Addition of Bezafibrate Beneficial in Primary Biliary Cholangitis
Complete biochemical response in 31 percent of patients unresponsive to ursodeoxycholic acid alone
WEDNESDAY, June 13, 2018 (HealthDay News) -- Nearly one-third of patients with primary biliary cholangitis who had had an inadequate response to ursodeoxycholic acid alone achieved a complete biochemical response with the addition of bezafibrate to treatment, according to a study published online June 7 in the New England Journal of Medicine.
Christophe Corpechot, M.D., from Saint-Antoine University Hospital in Paris, and colleagues randomly assigned 100 patients with primary biliary cholangitis who had had an inadequate response to ursodeoxycholic acid to receive either bezafibrate (400 mg daily) or placebo, plus continued treatment with ursodeoxycholic acid.
The researchers found that 31 percent of the patients assigned to bezafibrate had a complete biochemical response (normal levels of total bilirubin, alkaline phosphatase, aminotransferases, and albumin as well as a normal prothrombin index) versus none assigned to placebo. Changes in pruritus, fatigue, and noninvasive measures of liver fibrosis, including liver stiffness and Enhanced Liver Fibrosis score, paralleled the biochemical responses. Two patients in each group had complications from end-stage liver disease, while myalgia occurred more often in the bezafibrate group than the placebo group (20 versus 10 percent).

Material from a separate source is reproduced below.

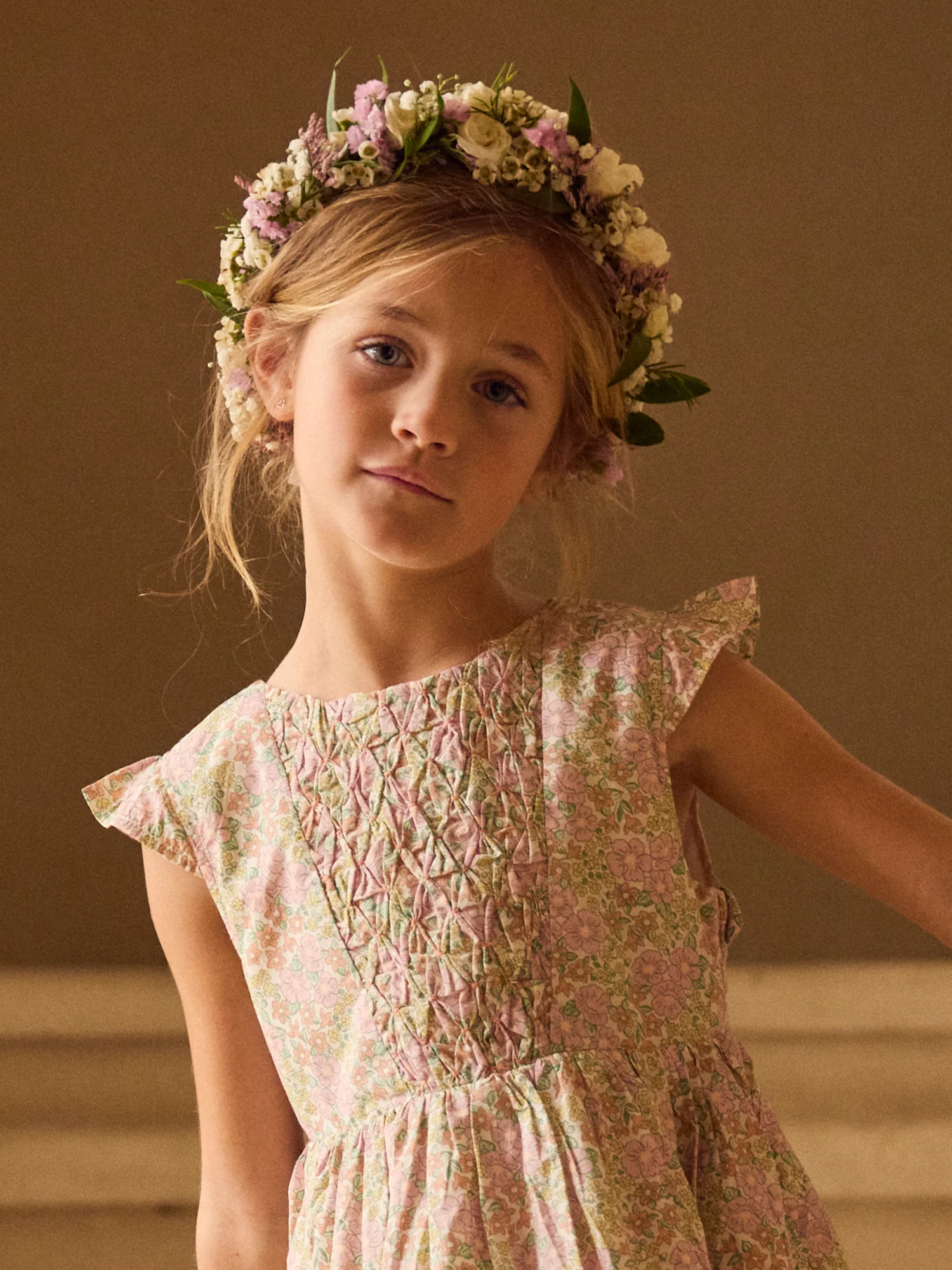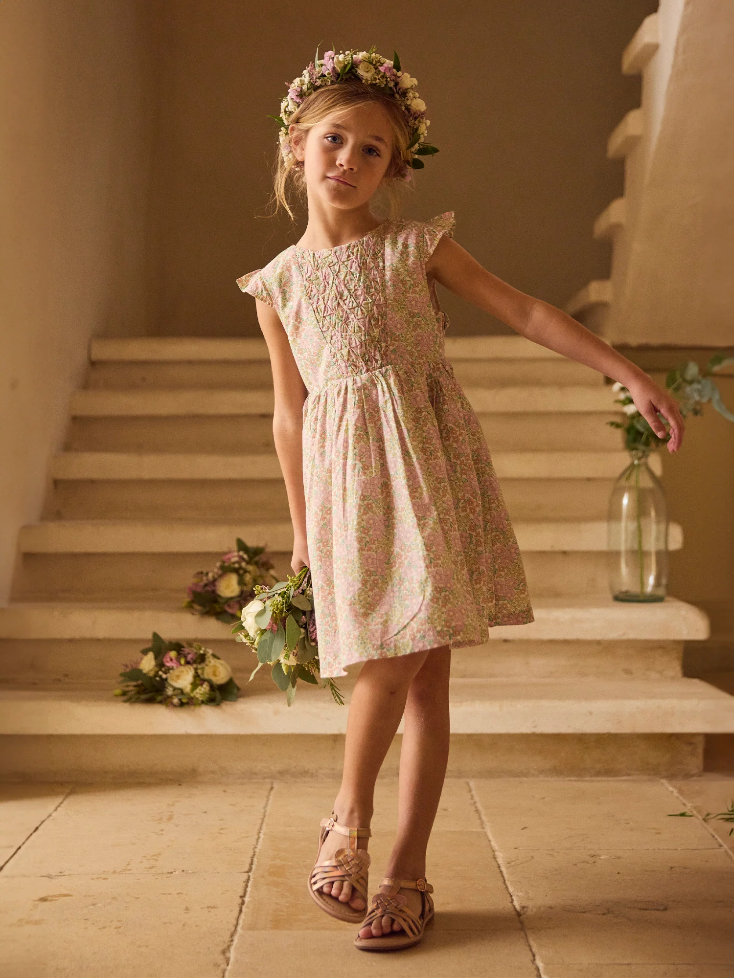 Abito romantico e delicato, perfetto per la primavera e l’estate. Foderato in cotone, presenta un taglio fluido con una elegante schiena a V. I fiori e il fiocco sulla schiena creano uno stile morbido e festoso.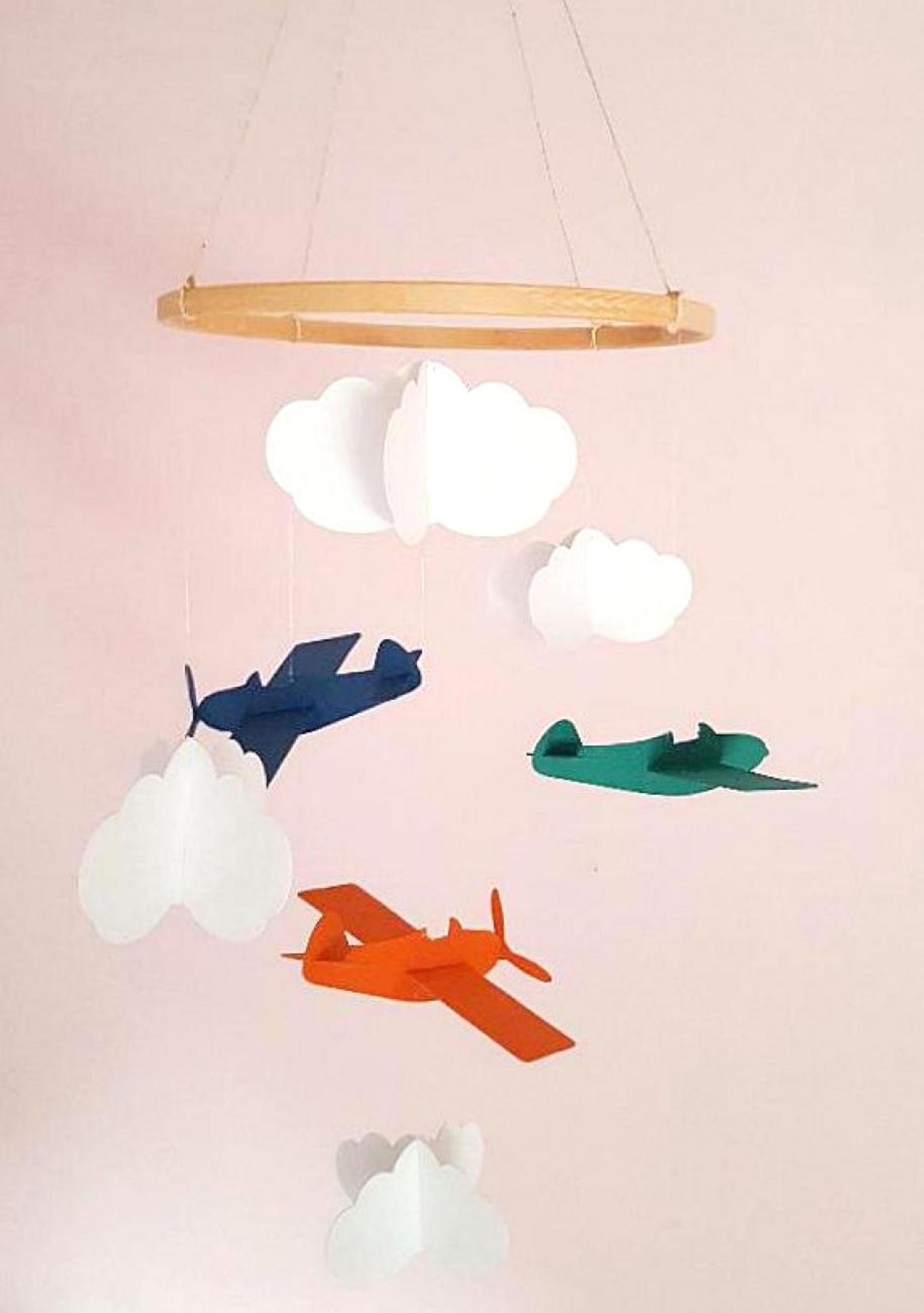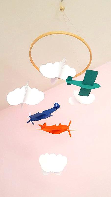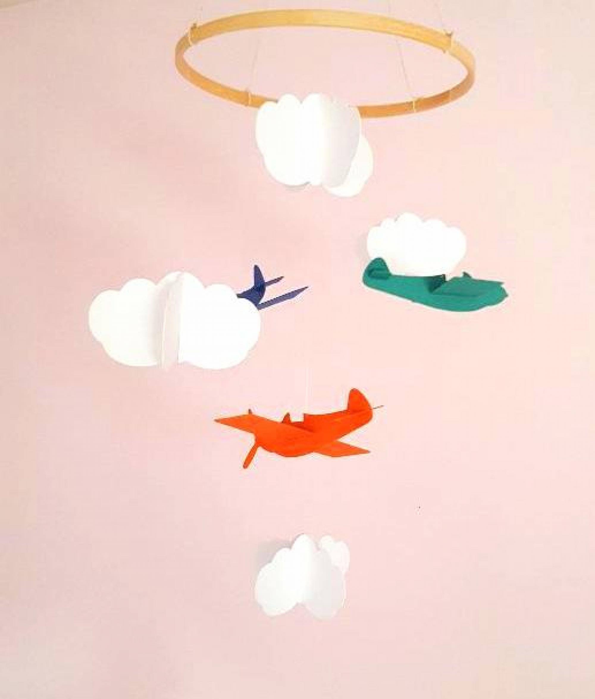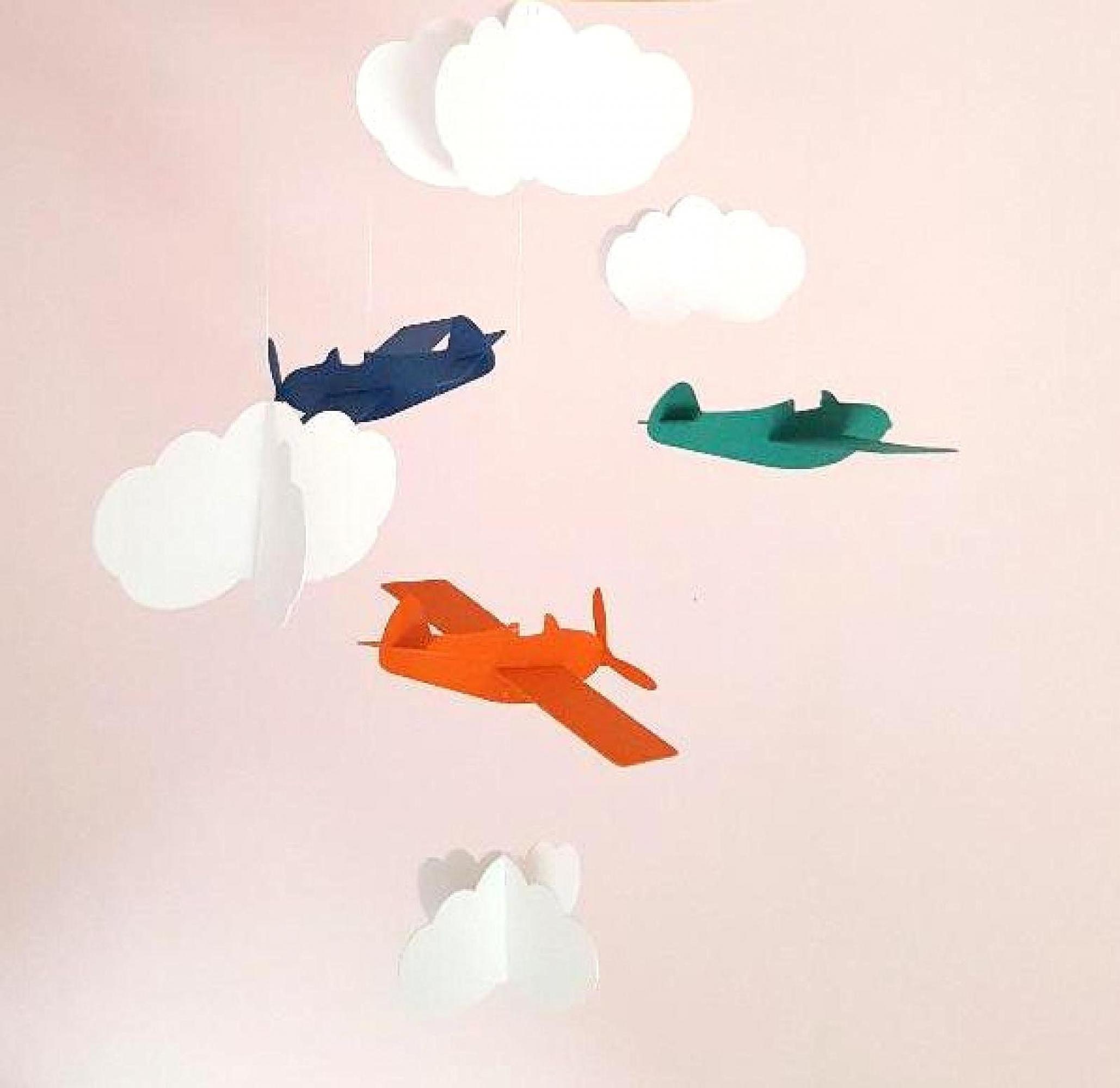 Fait à la main avec amour, ce mobile en papier recyclé est une création artisanale unique qui évoque la douceur du ciel. De jolis avions et des nuages blancs en papier 3D flottent au bout de fils fins, créant une scène aérienne légère et apaisante. Parfait pour apaiser et stimuler visuellement votre tout-petit dès les premiers mois.

"Among patients with primary biliary cholangitis who had had an inadequate response to ursodeoxycholic acid alone, treatment with bezafibrate in addition to ursodeoxycholic acid resulted in a rate of complete biochemical response that was significantly higher than the rate with placebo and ursodeoxycholic acid therapy," the authors write.
Several authors disclosed financial ties to the pharmaceutical industry; the study was funded in part by Arrow Génériques.